### Source records
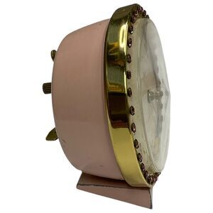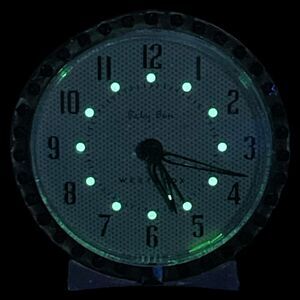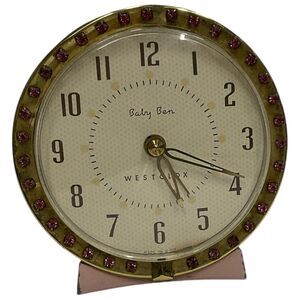 Vintage Westclox Baby Ben Clock Hers Pink Rhinestones Gold Tone Wind Up Alarm UV reactive Clock Face 61-Y
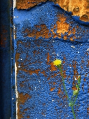 노란 꽃과 푸른 벽
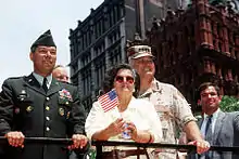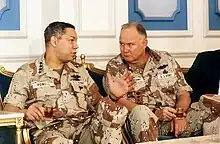He was known to be extremely critical of staff officers who were unprepared, but was even more contentious with other generals who he felt were not aggressive enough. His frequent short temper with subordinates was well known in his command.[137] His leadership style was sometimes criticized by subordinates who felt it reduced their ability to solve problems creatively.[138] Army Chief of Staff Carl E. Vuono, a lifelong friend of Schwarzkopf, described him as "competent, compassionate, egotistical, loyal, opinionated, funny, emotional, sensitive to any slight. At times he can be an overbearing bastard, but not with me."[139] While Colin Powell would say Schwarzkopf's strengths outweighed his weaknesses, Dick Cheney personally disliked what he considered Schwarzkopf's pretentious behavior with subordinates. Cheney doubted Schwarzkopf's ability to lead the Gulf War, and so Powell dealt with Schwarzkopf instead.[140][141]
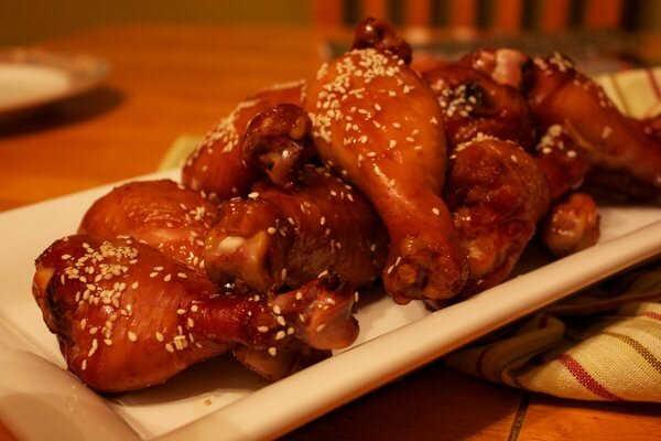 Ингредиенты: ножки куриные - 1 кг вода - 1/2 стакана соус терияки - 5 ст.л. масло растительное - 3 ст.л. уксус бальзамический - 1 ст.л. чеснок - 3 зубчика перец розовый молотый перец черный молотый перец кайенский соль Приготовление: Курица Куриные голени Куриные ножки
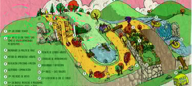 Cartilla pedagógica con juegos y aprendizajes por ciclo escolar.
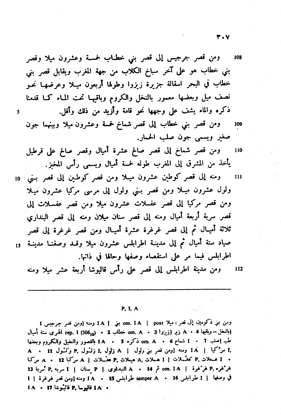 ومنه إلى قصر كوطين عشرون ميلا ومن قصر كوطين إلى قصر بني ولول عشرون ميلا ومن قصر بني ولول إلى مرسى مركيا عشرون ميلا ومن قصر مركيا إلى قصر عفسلات عشرون ميلا ومن قصر عفسلات إلى قصر سربة أربعة أميال ومنه إلى قصر سنان ميلان ومنه إلى قصر البنداري ثلاثة أميال ثم إلى قصر غرغرة عشرة أميال ومن قصر غرغرة إلى قصر صياد ستة أميال ثم إلى مدينة اطرابلس عشرون ميلا وقد وصفنا مدينة اطرابلس فيما مر على استقصاء وصفها وحالها في ذاتها.
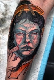 手臂亚洲卡通风格彩色邪恶女巫纹身图案
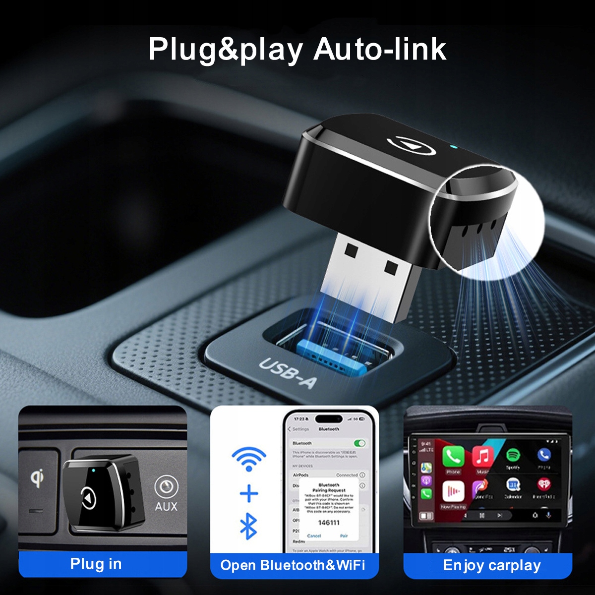 Podłączenie przez port USB w samochodzie, bez konieczności modyfikacji instalacji elektrycznej. Wymaga fabrycznego wsparcia dla CarPlay/Android Auto.

### Problem
Every record gets retyped exactly; no picture goes into the copy.

### Response for this exercise
 Vintage Westclox Baby Ben Clock Hers Pink Rhinestones Gold Tone Wind Up Alarm UV reactive Clock Face 61-Y
 노란 꽃과 푸른 벽
He was known to be extremely critical of staff officers who were unprepared, but was even more contentious with other generals who he felt were not aggressive enough. His frequent short temper with subordinates was well known in his command.[137] His leadership style was sometimes criticized by subordinates who felt it reduced their ability to solve problems creatively.[138] Army Chief of Staff Carl E. Vuono, a lifelong friend of Schwarzkopf, described him as "competent, compassionate, egotistical, loyal, opinionated, funny, emotional, sensitive to any slight. At times he can be an overbearing bastard, but not with me."[139] While Colin Powell would say Schwarzkopf's strengths outweighed his weaknesses, Dick Cheney personally disliked what he considered Schwarzkopf's pretentious behavior with subordinates. Cheney doubted Schwarzkopf's ability to lead the Gulf War, and so Powell dealt with Schwarzkopf instead.[140][141]
 Ингредиенты: ножки куриные - 1 кг вода - 1/2 стакана соус терияки - 5 ст.л. масло растительное - 3 ст.л. уксус бальзамический - 1 ст.л. чеснок - 3 зубчика перец розовый молотый перец черный молотый перец кайенский соль Приготовление: Курица Куриные голени Куриные ножки
 Cartilla pedagógica con juegos y aprendizajes por ciclo escolar.
 ومنه إلى قصر كوطين عشرون ميلا ومن قصر كوطين إلى قصر بني ولول عشرون ميلا ومن قصر بني ولول إلى مرسى مركيا عشرون ميلا ومن قصر مركيا إلى قصر عفسلات عشرون ميلا ومن قصر عفسلات إلى قصر سربة أربعة أميال ومنه إلى قصر سنان ميلان ومنه إلى قصر البنداري ثلاثة أميال ثم إلى قصر غرغرة عشرة أميال ومن قصر غرغرة إلى قصر صياد ستة أميال ثم إلى مدينة اطرابلس عشرون ميلا وقد وصفنا مدينة اطرابلس فيما مر على استقصاء وصفها وحالها في ذاتها.
 手臂亚洲卡通风格彩色邪恶女巫纹身图案
 Podłączenie przez port USB w samochodzie, bez konieczności modyfikacji instalacji elektrycznej. Wymaga fabrycznego wsparcia dla CarPlay/Android Auto.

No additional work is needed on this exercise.